Exercise material:
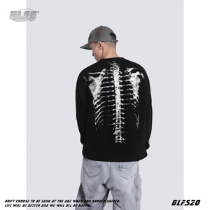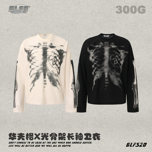 GLFS 秋冬新品美式骨架X光炫酷印花长袖圆领男式卫衣 男女同款长T
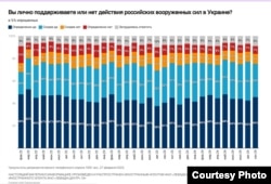 Аналитический центр Юрия Левады почти каждый месяц, начиная с марта 2022 года, исследует отношение россиян к войне в Украине. Последний общероссийский опрос по репрезентативной всероссийской выборке городского и сельского населения в 50 субъектах РФ прошел с 26 сентября по 2 октября.
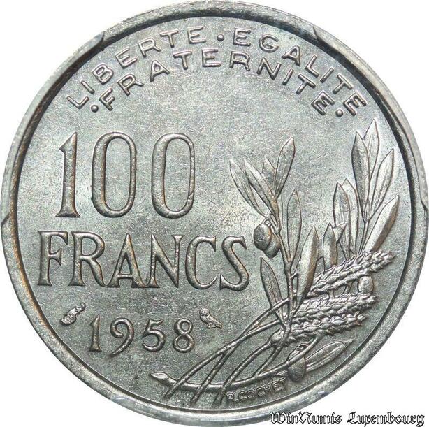 S1872 Rare France 100 Francs Cochet 1958 Chouette PCGS MS63 Splendide
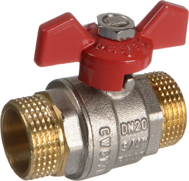 Шаровый кран Terma-RED 3/4"" с полным проходом изготовлен из латуни и применяется в трубопроводах с максимальным рабочим давлением 40 бар, резьба наружная/наружная, ручка бант из цинкового сплава. Используется в системах водопроводов для питьевой и технической воды. Температура рабочей среды от 0 С до +150 С.
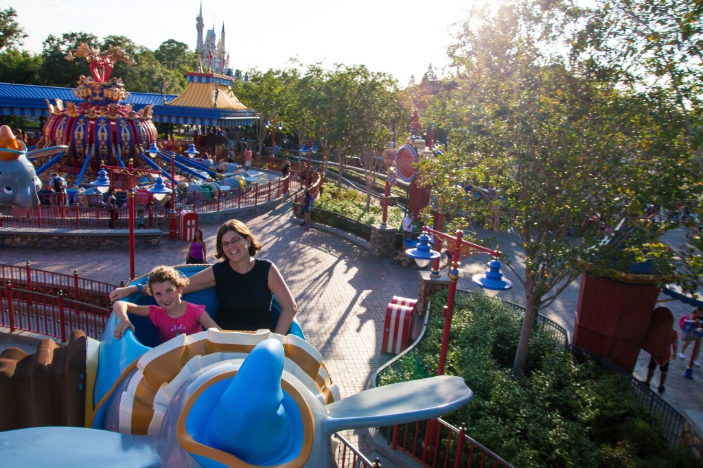 Now that you have your headphones on, let’s join my family as we take in the views of the park from the back of a flying elephant.
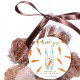 Gender neutral baby shower invitations. Featuring the saying 'A LITTLE BUNNY IS ON THE WAY!', an illustration of a watercolor bunny (rabbit) with carrot in paws, and many orange colour carrots. Matching items available.
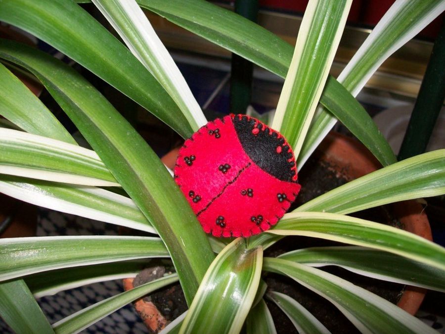 Los siguientes seis trabajos pertenecen a Anita27, a la cual ya se le podría considerar como una auténtica experta. Solo con esta fantástica mariquita ya enamorará a todo el que la vea. ¿Quién ha dicho que solo se pueda decorar la ropa con los broches? En la casa hay miles de rincones donde colocarlos y lucirlos.
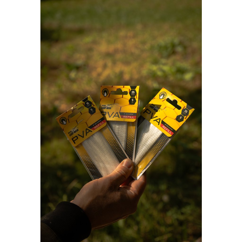 Dutch Carp Mesh je prémiová značka PVA produktů vyrobených v Holandsku. Vyniká precizním zpracováním, rychlou rozpustností a vysokou pevností punčoch i šňůrek. Každý produkt je testován přímo u vody, aby splňoval nejvyšší nároky kaprařů.
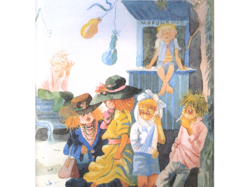 Пробуем читать. Дети решают, что книжка с таким задорным названием должна быть веселой, и, не дожидаясь развития событий, начинают увлеченно веселиться сами вслед за героями. Читать становится все труднее, но мне как-то неловко призывать слушателей к порядку – в конце концов, здесь же не школьная обязаловка... Но становится все хуже. Дети имитируют перекидывание шариками мороженого, плавно переходят к перестрелке из воображаемых пистолетов с последующими шумными падениями со стульев... Настоящий праздник непослушания разворачивается прямо у меня перед глазами.
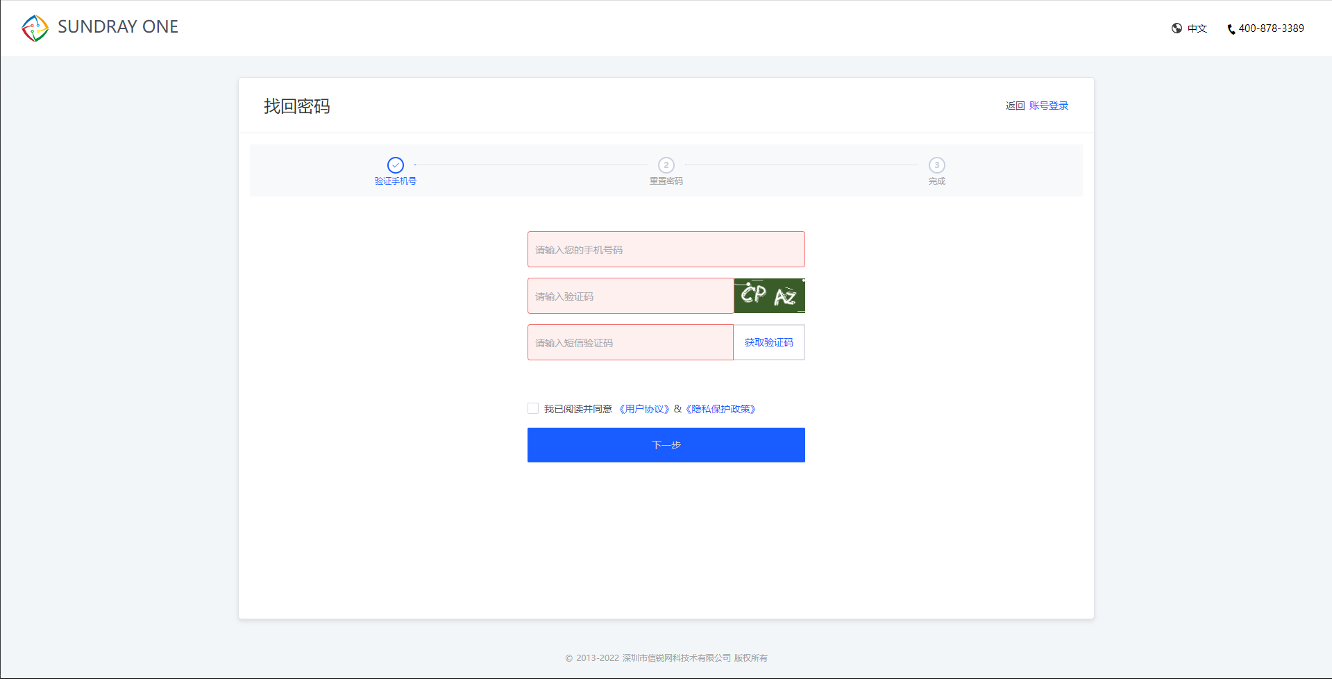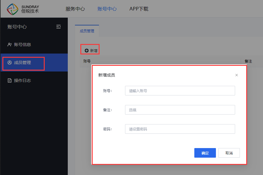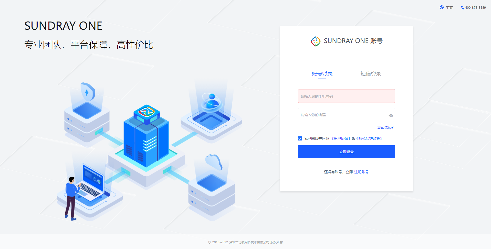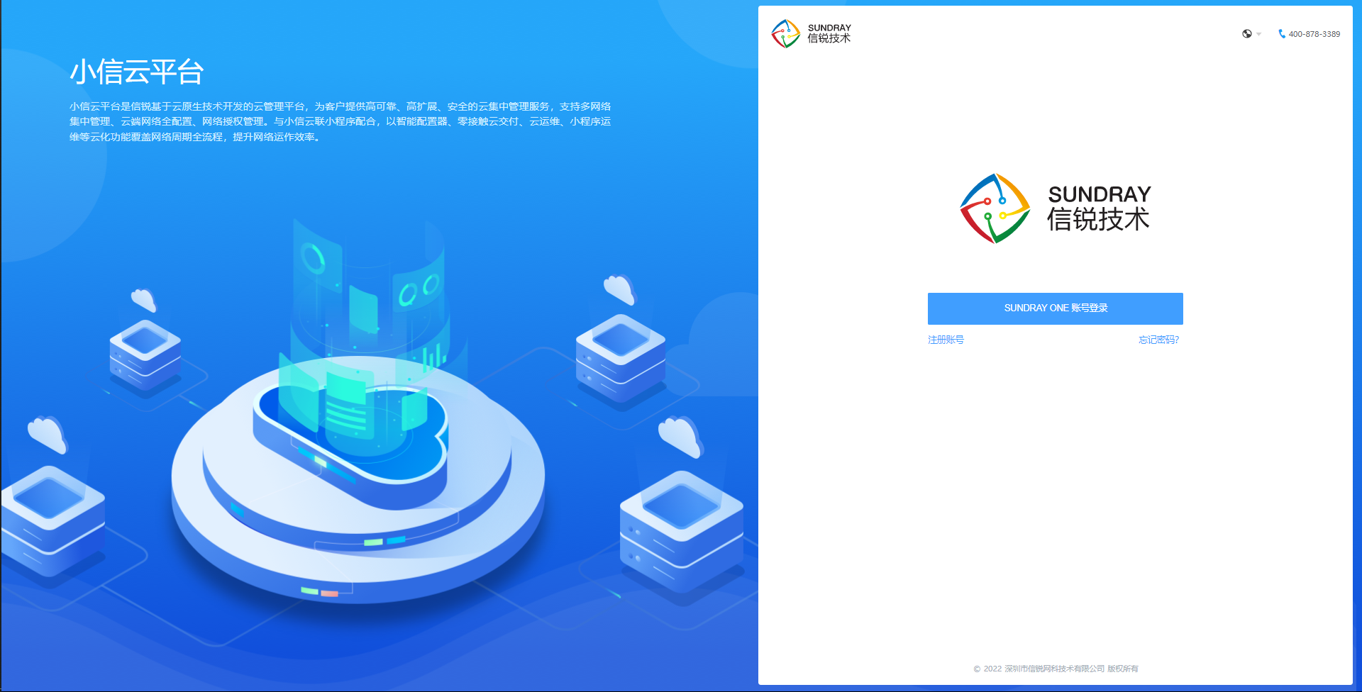 锐灵小信云平台访问地址链接为:https://cloud.sundray.com.cn,可以在该界面进行【账号注册】、【账号登录】、【重置密码】操作。
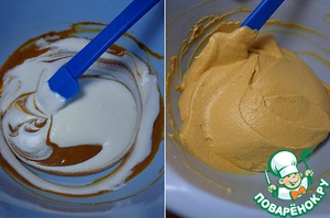 Взбить сливки 150 г, также при помощи лопатки аккуратно добавляем в крем. Крем убрать в холодильник на 20-30 минут, он немного застынет, так проще будет с ним работать.
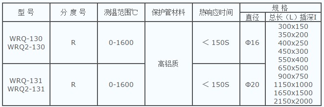 鉑銠13-鉑(R型熱電偶)為貴金屬熱電偶。偶絲直徑規(guī)定為0.5mm,允許偏差-0.015mm,其正極(RP)的名義化學(xué)成分為鉑銠合金,其中含銠為13%,含鉑為87%,負(fù)極(RN)為純鉑,長期最高使用溫度為1300℃,短期最高使用溫度為1600℃。
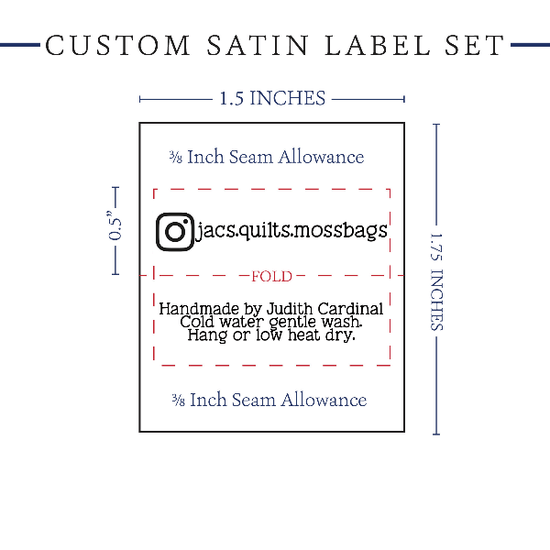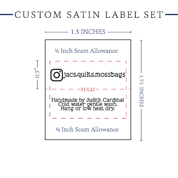 Personalized satin labels measuring 0.5”x1.5” once folded and sewn in. Printed with black ink on white satin ribbon. Cut edges should be sewn into a seam or turned under. See below for full description and to design and preview your custom labels.
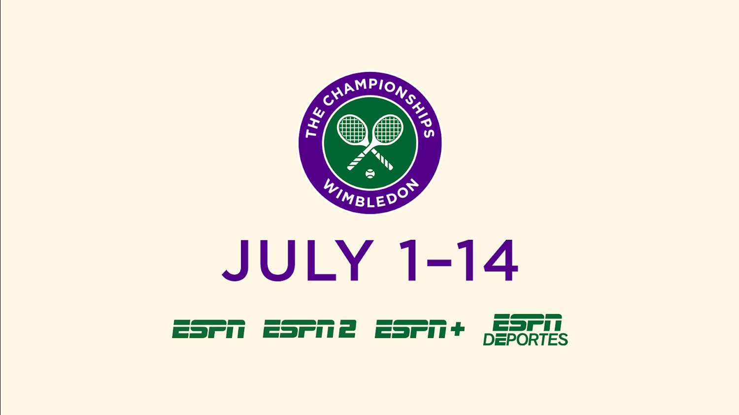 - The network will have a marathon of coverage from all 18 courts, ending on July 14th with the Gentlemen’s Championship and Ladies’ Doubles Championship. The July 13th Ladies’ Championship and July 14th Gentlemen’s Championship will also stream on ESPN+ in English and Spanish.
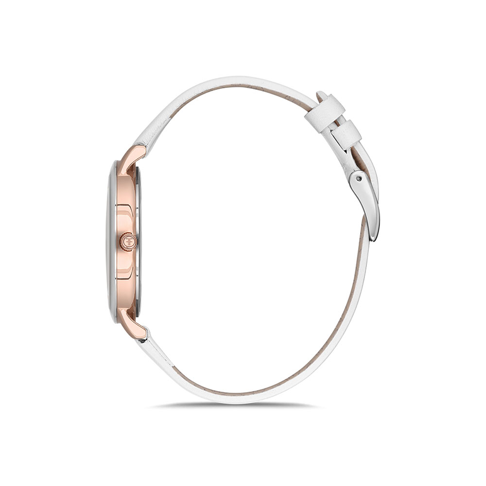 Colectia Eiffel este inspirata de structura iconica a Turnului Eiffel, simbolizand inovatia si frumusetea. Cu un design minimalist si o carcasa rotunda din alama aurie rose, ceasul este completat de o curea din piele alba ce asigura confort si durabilitate. Afisajul analogic cu detalii in culoarea aurului rose pe un fundal argintiu adauga o nota de sofisticare.
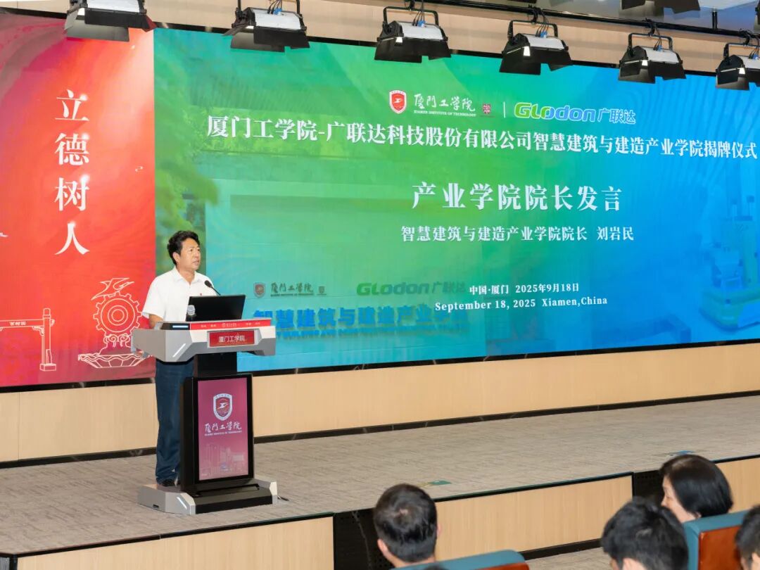 智慧建筑与建造产业学院刘岩民院长在随后的发言中从三个方面阐述了产业学院未来的规划:学院将以需求导向重塑人才培养,联合企业推行双导师制,实现“毕业即上岗、上岗即胜任”;以产教融合共建实训与研发中心,推动成果转化;以服务区域对接地方需求,提供技术与人才支持。

What the task asks:
Your reply should contain only an exact copy of the lines from the beginning of the material through the line with "锐灵小信云平台访问地址链接为", both ends included, with the pictures removed.

Task response:
 GLFS 秋冬新品美式骨架X光炫酷印花长袖圆领男式卫衣 男女同款长T
 Аналитический центр Юрия Левады почти каждый месяц, начиная с марта 2022 года, исследует отношение россиян к войне в Украине. Последний общероссийский опрос по репрезентативной всероссийской выборке городского и сельского населения в 50 субъектах РФ прошел с 26 сентября по 2 октября.
 S1872 Rare France 100 Francs Cochet 1958 Chouette PCGS MS63 Splendide
 Шаровый кран Terma-RED 3/4"" с полным проходом изготовлен из латуни и применяется в трубопроводах с максимальным рабочим давлением 40 бар, резьба наружная/наружная, ручка бант из цинкового сплава. Используется в системах водопроводов для питьевой и технической воды. Температура рабочей среды от 0 С до +150 С.
 Now that you have your headphones on, let’s join my family as we take in the views of the park from the back of a flying elephant.
 Gender neutral baby shower invitations. Featuring the saying 'A LITTLE BUNNY IS ON THE WAY!', an illustration of a watercolor bunny (rabbit) with carrot in paws, and many orange colour carrots. Matching items available.
 Los siguientes seis trabajos pertenecen a Anita27, a la cual ya se le podría considerar como una auténtica experta. Solo con esta fantástica mariquita ya enamorará a todo el que la vea. ¿Quién ha dicho que solo se pueda decorar la ropa con los broches? En la casa hay miles de rincones donde colocarlos y lucirlos.
 Dutch Carp Mesh je prémiová značka PVA produktů vyrobených v Holandsku. Vyniká precizním zpracováním, rychlou rozpustností a vysokou pevností punčoch i šňůrek. Každý produkt je testován přímo u vody, aby splňoval nejvyšší nároky kaprařů.
 Пробуем читать. Дети решают, что книжка с таким задорным названием должна быть веселой, и, не дожидаясь развития событий, начинают увлеченно веселиться сами вслед за героями. Читать становится все труднее, но мне как-то неловко призывать слушателей к порядку – в конце концов, здесь же не школьная обязаловка... Но становится все хуже. Дети имитируют перекидывание шариками мороженого, плавно переходят к перестрелке из воображаемых пистолетов с последующими шумными падениями со стульев... Настоящий праздник непослушания разворачивается прямо у меня перед глазами.
 锐灵小信云平台访问地址链接为:https://cloud.sundray.com.cn,可以在该界面进行【账号注册】、【账号登录】、【重置密码】操作。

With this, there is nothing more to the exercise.